Na Colômbia, pontapé inicial para 2016

Com 562 atletas, Brasil usa competição em Medellín para dar experiência a jovens, já de olho na Olimpíada do Rio

Amanda Romanelli, O Estadao de S.Paulo

19 de março de 2010 | 00h00

Muitos atletas que podem defender o Brasil na Olimpíada do Rio, em 2016, terão sua primeira oportunidade de disputar um torneio internacional até o fim do mês. Seguindo diretrizes do Comitê Olímpico Brasileiro (COB), as várias confederações do País enviaram jovens atletas para a 9.ª edição dos Jogos Sul-Americanos, que começa oficialmente hoje, em Medellín (Colômbia). A cerimônia de abertura terá início às 21 horas (de Brasília) no Estádio Atanasio Girardot. O torneio, embora de baixo nível técnico, servirá como experiência.

Entre os 562 atletas brasileiros ? o País não terá representantes somente no beisebol, softbol, hipismo, futebol e patinação de velocidade ?, estão jovens promessas do vôlei, vôlei de praia, basquete e atletismo. Outros esportes, como natação, judô, ginástica e handebol, preferiram fazer equipes mistas, com atletas já experimentados junto de iniciantes. Por isso, garotos de 15 a 16, da equipe majoritariamente infanto-juvenil do vôlei masculino, vão dividir espaço, na Vila Sul-Americana, com atletas como o ginasta Diego Hypólito, o nadador Thiago Pereira, a judoca Ketleyn Quadros e o mesa-tenista Hugo Hoyama, que participou da competição, pela primeira vez, em 1994.
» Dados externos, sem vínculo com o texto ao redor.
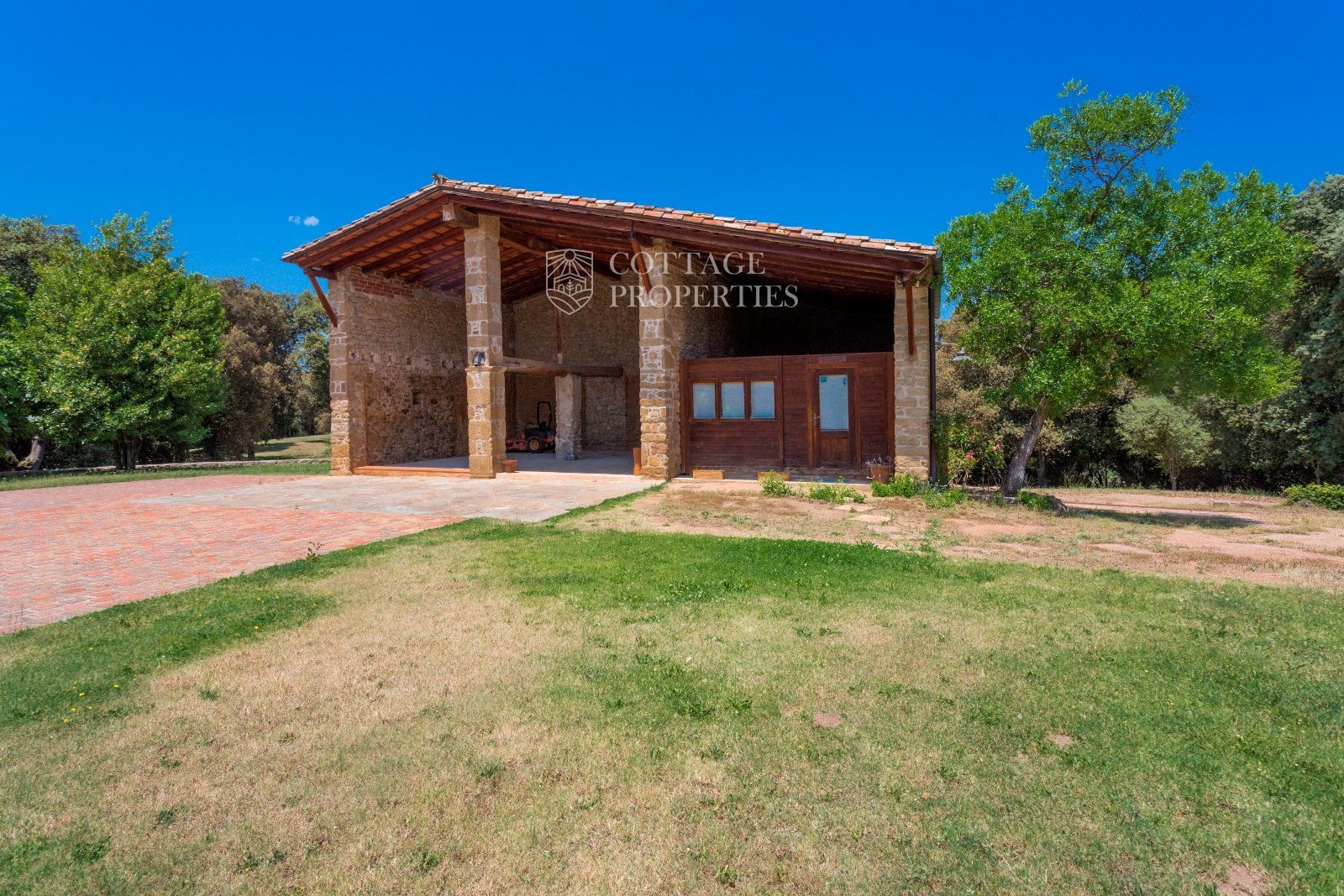 Espais Exteriors: La finca compta amb un jardí ben cuidat, una piscina, terrasses i un porxo que alberga una oficina ideal per treballar en un entorn serè. L'entorn natural inclou boscos i camps, oferint un oasi de pau i privacitat.

"Essa é uma importante etapa da preparação no ciclo olímpico e serve para acumular experiência internacional", afirmou José Roberto Perillier, sub-chefe da missão brasileira. "Na maioria das modalidades temos chances reais de medalhas e, nas que não temos tradição, utilizaremos as disputas como laboratório."

O basquete, por exemplo, usará o torneio para preparar suas seleções sub-18 para a disputa da Copa América, no meio do ano. "Essa é a idade com que temos a maior atenção, justamente porque é a que pode dar atletas para 2016. Vai ser bom, para eles, enfrentar algumas seleções adultas", lembra o diretor das seleções masculinas, Vanderlei Mazzuchini. O atletismo terá um time sub-23 e o vôlei de praia, uma dupla sub-21.

Organização. Cidade que já foi chamada de capital do narcotráfico mundial, Medellín receberá cerca de 5 mil atletas, técnicos e delegados de 15 países até o dia 30. Para organizar a competição, gastou US$ 25 milhões (R$ 45 milhões) para reforma ou construção de sedes, de acordo com dados oficiais. A Vila Sul-Americana, que custou outros US$ 16 milhões (R$ 28 milhões), terá seus 621 apartamentos distribuídos a famílias de classe baixa, graças a subsídios do governo.